- Supreme Court of Canada

Hearing: March 7–8, 1972 Judgment: June 29, 1972
- Full case name: George Clinton Duke and Her Majesty The Queen
- Citations: [1972] S.C.R. 917; 1972 CanLII 2 (S.C.C.)
- Prior history: Judgment for the Crown in the Court of Appeal for Ontario

Holding
- The denial of the Crown to grant access to evidence to the accused does not violate the right to a fair trial if it is in accordance with the law; fundamental justice under the Canadian Bill of Rights is the same as natural justice.

Court membership
- Chief Justice: Gérald Fauteux Puisne Justices: Douglas Abbott, Ronald Martland, Wilfred Judson, Roland Ritchie, Emmett Hall, Wishart Spence, Louis-Philippe Pigeon, Bora Laskin

Reasons given
- Majority: Fauteux; Abbott, Martland, Judson, Ritchie, Hall, and Pigeon concurring
- Concurrence: Laskin; Spence concurring

Laws applied
- Canadian Bill of Rights; Criminal Code

= Duke v The Queen =

Duke v The Queen [1972] S.C.R. 917 is a decision by the Supreme Court of Canada on the Canadian Bill of Rights, concerning the right of an accused to make full answer and defence to a criminal charge.

==Background==
The accused in the case was charged with drunk driving contrary to the Criminal Code after having been taken to a police station and given a breathalyzer. While the breathalyzer test results were given to the accused's lawyer, the breath sample itself was not. This raised the concern as to whether the accused would be able to have a full defence, as is expected under common law rules of natural justice. According to the Supreme Court, the legislative history of the Criminal Code indicated that it was intended that the accused need not be given breath samples.
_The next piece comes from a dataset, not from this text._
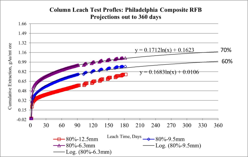 Column leach tests indicated both bulk samples were readily amenable to simulated heap leach at all three crush sizes tested. Extractions improve with finer crush sizes, indicating the -1/4” inch size generated the best extractions over the 177-day leach period of 60.6% to 72.7% for the two samples. Gold was still leaching at the end of the 177-day test period, and the curves suggest gold extractions will improve over a longer leach cycle. Silver extractions were also lower than in agitation leach tests. Regression analysis of the leach curves suggests extraction should reach 70-80% if leaching is extended out to 360 days. Also, due to the silicious nature of the bulk sample material and the lack of significant fines, it is suggested that further test work be performed using HPGR (high pressure grinding rolls) crushing which generates more fine material than conventional crushing and is known to enhance both total extraction and the rate of extraction, and is currently in use at some heap leach operations in the region.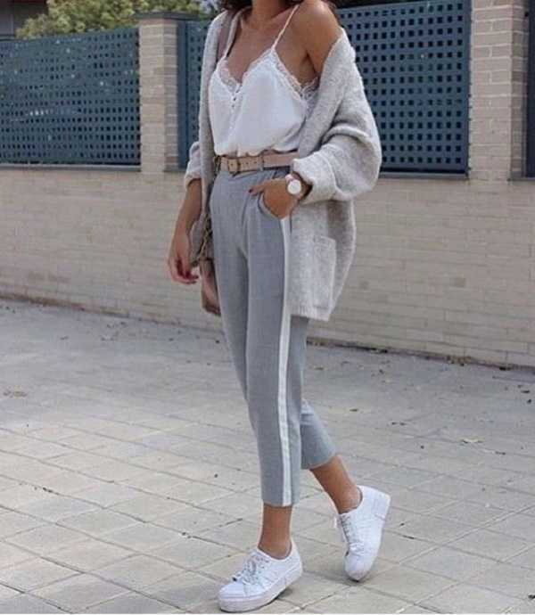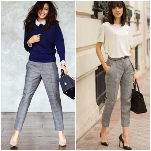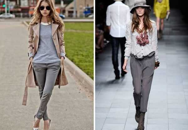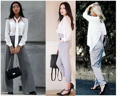 С серыми брюками можно создать множество различных комбинаций. Следующие варианты являются примерами наиболее эффектных вариантов образов:

The case thus involved section 2(e) of the Canadian Bill of Rights, which states that everyone has "the right to a fair hearing in accordance with the principles of fundamental justice for the determination of his rights and obligations." In Duke, the Court considered the meaning of the term "fundamental justice." This phrase had an ambiguous meaning, whereas the term natural justice was understood to provide certain procedural legal protections.

==Decision==

=== Majority ===
The majority held that fundamental justice was, for the purposes of this case, merely equivalent to natural justice.
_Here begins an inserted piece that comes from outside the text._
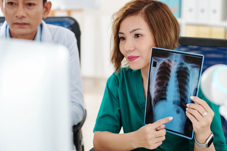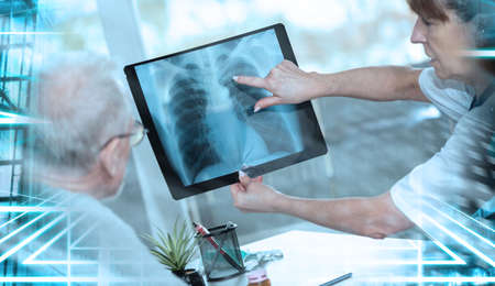 Pulmonologist therapist examining an x-ray of lungs. Health care and medical insurance concept

As Fauteux J wrote for the majority:

I would take them to mean, generally, that the tribunal which adjudicates upon his rights must act fairly, in good faith, without bias, and in a judicial temper, and must give to him the opportunity adequately to state his case.
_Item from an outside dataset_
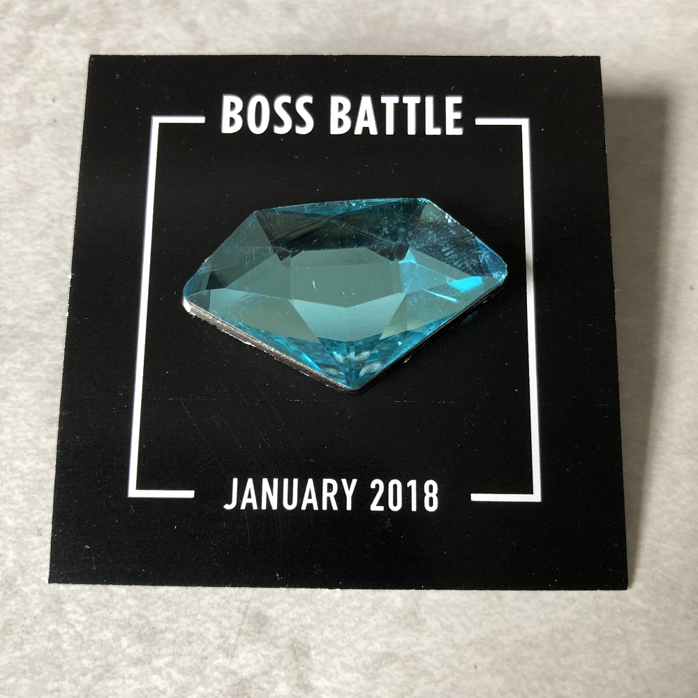 Next up is this month's pin, which takes a page from Sonic The Hedgehog (as a few more items will) by being one of the Chaos Emeralds. We got the blue emerald, but there was a random chance of getting any of the seven colors with no rarities. You can buy all seven at the loot vault if you really want to, but each one is a candy plastic design with a metal stopper on the back. I wish the Loot Crate pins would switch over to a rubber stopper to prevent scaring and torn clothing with the metal backs, but we have to make due with what we got.

However, the author of the majority reasons, Chief Justice Gérald Fauteux, did say that he was not trying "to formulate any final definition" of fundamental justice.

The relevant section of the Canadian Bill of Rights also references a hearing. As Fauteux noted, there was no hearing in this case. However, it was alleged that if the accused's lawyer had been given the breath sample, a trial would follow in which evidence regarding the breath sample would be debated. Fauteux replied that the denial of access to evidence does not breach the right to a fair trial unless the law mandates access to such evidence. According to the Criminal Code and its history, such access is not guaranteed.

The case also involved consideration of section 2(f) of the Canadian Bill of Rights, which states that no law shall "deprive a person charged with a criminal offence of the right to be presumed innocent until proved guilty according to law in a fair and public hearing by an independent and impartial tribunal, or of the right to reasonable bail without just cause." However, the Court noted that section 2(f) does not contain more rights relevant to this case than section 2(e). Therefore, losing the case under section 2(e) implied also losing under section 2(f).

===Concurrence===
Justice Laskin wrote a short concurrence, in which Justice Spence concurred. He agreed with the outcome on the facts of the appeal, but objected to the majority's finding that the right to a fair trial is not breached if it is in a manner consistent with statutes.

==Relationship to the Canadian Charter of Rights and Freedoms==
In 1982, when the Canadian Charter of Rights and Freedoms was adopted, section 7 of the Charter included a right to fundamental justice with respect to laws limiting the right to life, liberty and security of person. In Re B.C. Motor Vehicle Act (1985), the Supreme Court once again had to consider the meaning of the term "fundamental justice." According to Justice Lamer, those who argued fundamental justice meant natural justice placed "Considerable emphasis" on the precedent established by Duke. Ultimately, however, the Supreme Court extended the meaning of fundamental justice beyond natural justice.